The group already has one machine learning model at work in the pandemic, predicting consequences of mutations to SARS-CoV-2. Now, Wei’s team has deployed another to help drug developers on their most promising leads for attacking one of the virus’ most compelling targets.
Prior to the pandemic, Wei and his team were already developing deep learning computer models to help save drug developers time and money. The researchers “train” their deep learning models with datasets filled with information about proteins that drug developers want to target with therapeutics. The models can then make predictions about unknown quantities of interest to help guide drug design and testing.
Over the past three years, the Spartans’ models have been among the top performers in a worldwide competition series for computer-aided drug design known as the Drug Design Data Resource, or D3R, Grand Challenge. Then COVID-19 came. “We knew this was going to be bad. China shut down an entire city with 10 million people,” said Wei, who is a professor in the Departments of Mathematics and Electrical and Computer Engineering. “We had a technique at hand, and we knew this was important.”
Wei and his team have repurposed their deep learning models to focus on a specific SARS-CoV-2 protein called its main protease. The main protease is a cog in the coronavirus’s protein machinery that’s critical to how the pathogen makes copies of itself. Drugs that disable that cog could thus stop the virus from replicating.
What makes the main protease an even more attractive target is that it’s distinct from all known human proteases, which isn’t always the case. Drugs that attack the viral protease are thus less likely to disrupt people’s natural biochemistry.
Another advantage of the SARS-CoV-2 main protease is that’s it’s nearly identical to that of the coronavirus responsible for the 2003 SARS outbreak. This means that drug developers and Wei’s team weren’t starting completely from scratch. They had information about the structure of the main protease and chemical compounds called protease inhibitors that interfere with the protein’s function.
Still, gaps remained in understanding where those protease inhibitors latch onto the viral protein and how tightly. That’s where the Spartans’ deep learning models came in.

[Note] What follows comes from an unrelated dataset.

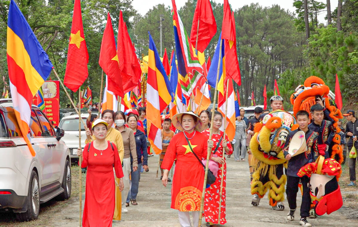 Lễ rước kiệu từ chùa Đại Hùng lên đỉnh núi nơi thờ đức Thủy tổ thần long được diễn ra ngày 9/3.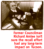Two years later it was Amlee and Cross' turn. Amlee decided not to seek another term, while Cross was defeated by Democrat Chuck Ford in the general election. Varga ran for mayor as an independent in 1979. Though he had an impressive second-place finish to Lew Murphy in the general election, his political career was over. But despite these election reversals, the basic message had been loudly sent--Tucson politicians should stay out of the way of the growth steamroller. For the past two decades, it has been a rare city council member indeed who questions any growth-related issue. But the recall movement didn't stem rising water rates. The money was desperately needed to expand the system to accommodate an ever-increasing population. The price of water continued to escalate. LOOKING BACK ON the recall after 20 years, what do those involved think it accomplished? Fitzgerald is the most enthusiastic. He says it "stopped no-growthers dead in their tracks." Tucson has grown and progressed tremendously since that time, he believes, so the recall did a lot of good. But, he concedes, the winning candidates melted under pressure and double-crossed the movement when they raised water rates. Lininger and Amlee are more subdued in their assessments. Lininger believes the four incumbents were using the water price hike to slow growth. While acknowledging that a recall is not a good way to change office holders, Lininger says the mood in 1976 was that people were being shafted by the City Council and the Water Department, so that's why it happened.

Wei’s team used its models to predict those details for over 100 known protease inhibitors. That data also let the team rank those inhibitors and highlight the most promising ones, which can be very valuable information for labs and companies developing new drugs, Wei said. “In the early days of a drug discovery campaign, you might have 1,000 candidates,” Wei said. Typically, all those candidates would move to preclinical tests in animals, then maybe the most promising 10 or so can safely advance to clinical trials in humans, Wei explained.

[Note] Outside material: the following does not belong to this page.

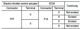 3. Check the continuity between electric throttle control actuator harness connector and ECM harness connector.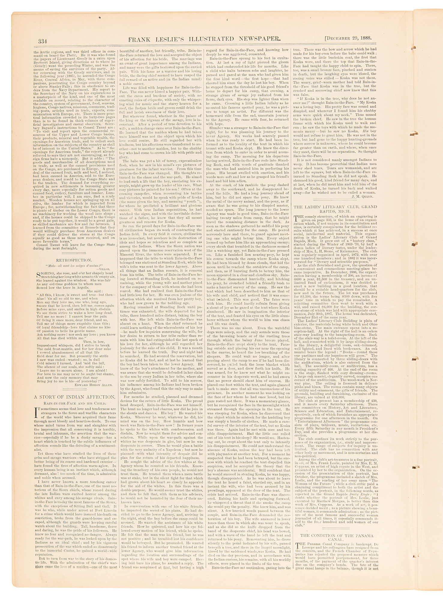 Rain in the Face: Frank Leslie's Illustrated Newspaper from December 29, 1888

By focusing on drugs that are most attracted to the protease’s most vulnerable spots, drug developers can whittle down that list of 1,000 from the start, saving money and months, if not years, Wei said. “This is a way to help drug developers prioritize. They don’t have to waste resources to check every single candidate,” he said.

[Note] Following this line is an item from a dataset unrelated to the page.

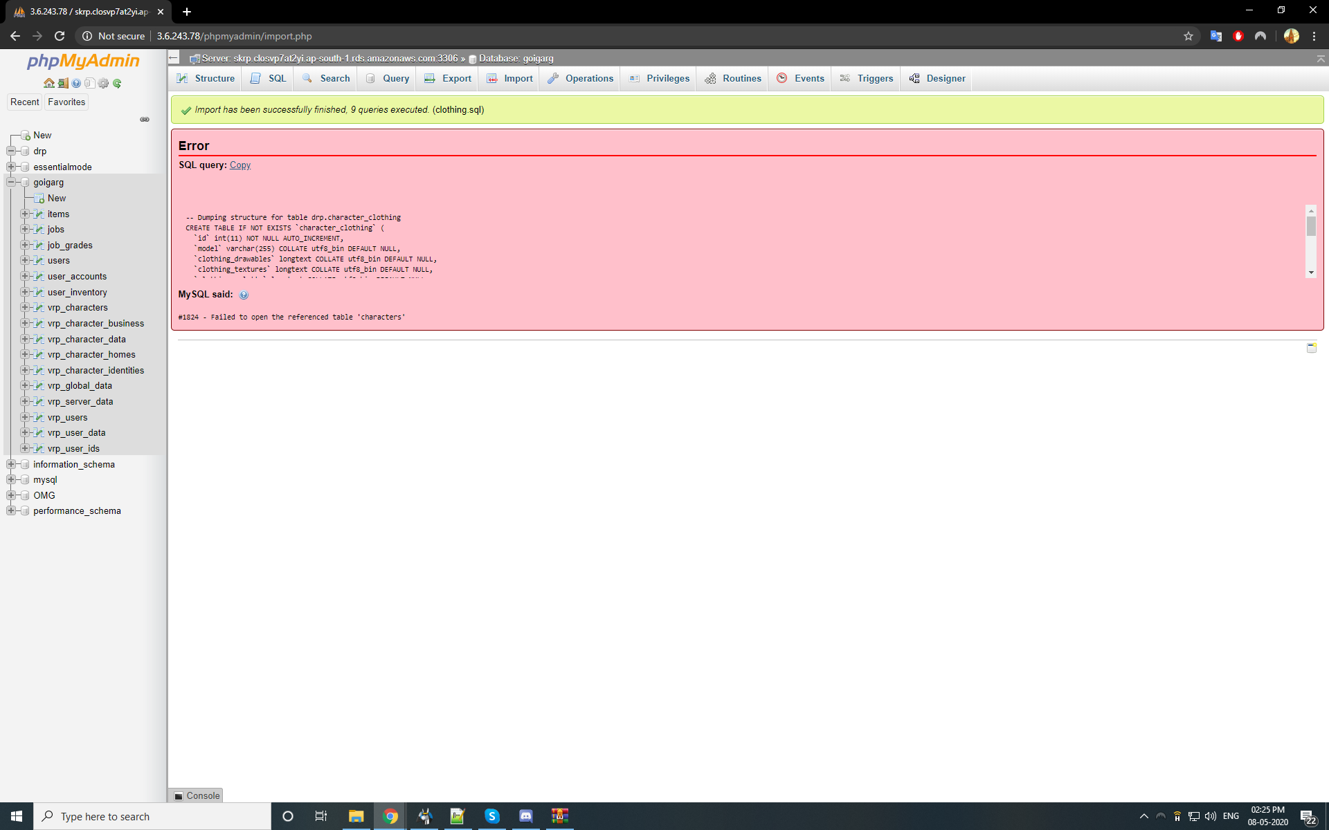 getting error when importing sql to databse

But Wei also had a reminder. The team’s models do not replace the need for experimental validation, preclinical or clinical trials. Drug developers still need to prove their products are safe before providing them for patients, which can take many years.
For that reason, Wei said, antibody treatments that resemble what immune systems produce naturally to fight the coronavirus will be most likely the first therapies approved during the pandemic. These antibodies, however, target the virus’s spike protein, rather than its main protease. Developing protease inhibitors would thus provide a welcome addition in an arsenal to fight a deadly and constantly evolving enemy. “If developers want to design a new set of drugs, we’ve shown basically what they need to do,” Wei said.
The research was published in the journal Chemical Science.